To facilitate the sharing of information, CHEX uses a learning management system from Knowledge Planet as the backbone of its structure, and the hospitals cooperate to build content, which is then reviewed by panelists in the hospitals, both prior to its launch as well as on a regular basis thereafter.

As a consortium, Johnston said CHEX is looking to leverage the technology to implement blended learning solutions to help the hospitals move their training to the next level. "The Web-based training is really a big piece of this," said Johnston. "It's a culture shift for them to move from instructor-led training alone to something that uses technology. It provides them with an efficient tracking and reporting system for regulatory purposes and for licensure purposes."

One of the challenges for the hospitals that are a part of CHCA is the decentralized nature of learning in their organizations, Johnston said. "Education happens in pockets of the hospital that some people may never know about or even touch, so providing a tool that allows them to somehow centralize those processes and still keep a number of individuals involved in that has been a challenge, and it's a culture shift for them," she added.

The hospitals need help pushing education out to their staff. By making it available anytime, anywhere, they ensure that staff members, who are busy with both children and family members as patients and as care-givers, will be able to access the training they need. "The results have been that the learners say that they like it because it's self-paced and they can do it any time. I think organizations get that part. Now they need to move to the next level. How can they use the Web-based approach and then build on that how they're doing the other pieces of instructor-led to build strong educational programs out there?"
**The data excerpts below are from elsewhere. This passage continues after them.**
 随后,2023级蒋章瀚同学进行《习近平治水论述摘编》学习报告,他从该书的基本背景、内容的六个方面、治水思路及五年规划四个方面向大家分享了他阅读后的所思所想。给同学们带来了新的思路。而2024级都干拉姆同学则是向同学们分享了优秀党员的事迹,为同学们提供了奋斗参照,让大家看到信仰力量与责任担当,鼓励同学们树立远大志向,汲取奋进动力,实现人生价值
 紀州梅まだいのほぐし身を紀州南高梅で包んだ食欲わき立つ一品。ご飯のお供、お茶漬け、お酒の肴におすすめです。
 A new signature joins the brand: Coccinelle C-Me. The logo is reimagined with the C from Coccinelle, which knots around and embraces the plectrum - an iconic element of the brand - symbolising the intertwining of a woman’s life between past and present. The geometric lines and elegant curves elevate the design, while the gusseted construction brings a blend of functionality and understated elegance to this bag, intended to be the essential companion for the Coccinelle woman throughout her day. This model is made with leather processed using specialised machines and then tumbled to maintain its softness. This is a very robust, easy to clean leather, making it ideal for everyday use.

The hospitals are seeing successes through CHEX Knowledge Exchange - both tangible and intangible. For example, Children's Medical Center of Dallas is seeing a 98 percent compliance rate on the Health Insurance Portability and Accountability Act (HIPAA) requirements. "They actually tried two methods of delivering that," explained Johnston. "One was the online, Web-based training, and one was instructor-led courses. They found tremendous expenditures in the area of instructor-led training on training the trainers, the materials that they needed and on attendance in classes, in addition to travel time. They noticed a 41 percent savings with the Web-based training."

Less tangible results were seen by Children's Healthcare Services in Omaha, which has taken its blended learning model to the next step. The hospital works with preceptors, individuals who partner with new nursing staff and guide them through their first few months with the organization. CHEX has worked with Children's Healthcare Services and some of the other hospitals to develop a combination of three to four Web-based training courses to serve as introductory material to be covered prior to the instructor-led course. Looking at pretests compared to post-tests to see how learners and preceptors are responding to the new format, Johnston said the results are very good. "They're really very happy with the training. They felt they were much more prepared. They noticed that their instructor-led course was actually shorter in time because they had come in prepared for the course ahead of time."
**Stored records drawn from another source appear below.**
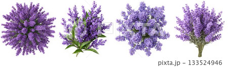 Exquisite Lavender Collection: Watercolor Illustrations of Aromatic Purple Flowers Isolated on Clean White Background
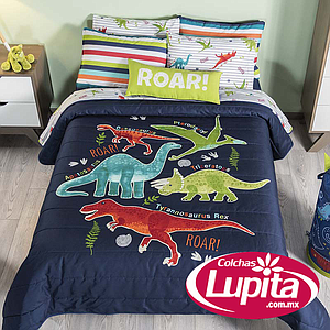 Lleva a la recámara un toque de aventura prehistórica, a tu pequeño le encantará. Juego de edredón con especialidad de tinta que brilla en la oscuridad en primera vista y segunda vista estampada.
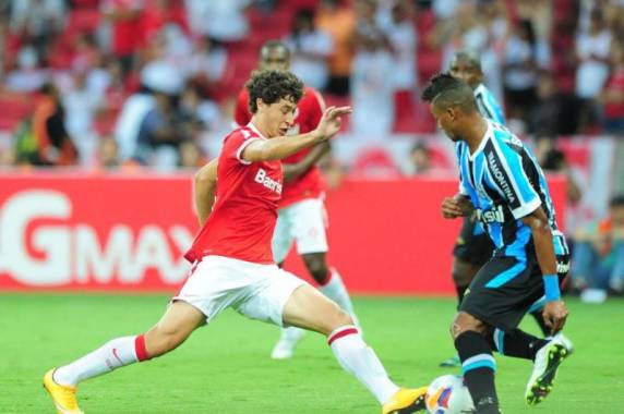 Grêmio, às vezes com dose exagerada. Houve uma primeira arrancada tricolor, um cruzamento de Lincoln que Felipe Bastos colocou de cabeça para fora, mas o Inter manteve o

Working through a consortium model eases the pain of implementing expensive enterprise applications, like an LMS, for the hospitals that are a part of CHCA. In addition, the hospitals save money by working together, rather than going it alone. "We know that the hospitals individually could spend monstrous amounts of money trying to get these processes into place," said Johnston.

In the future, CHEX plans to continue to add more hospitals to the system because the more hospitals that participate, the more knowledge there is to share and work from. "We are focusing first on getting them implemented on the system utilizing the tools that are in the industry to make their lives easier and to help them work on not only the Web-based options for learning and education, but the blended models as well," said Johnston.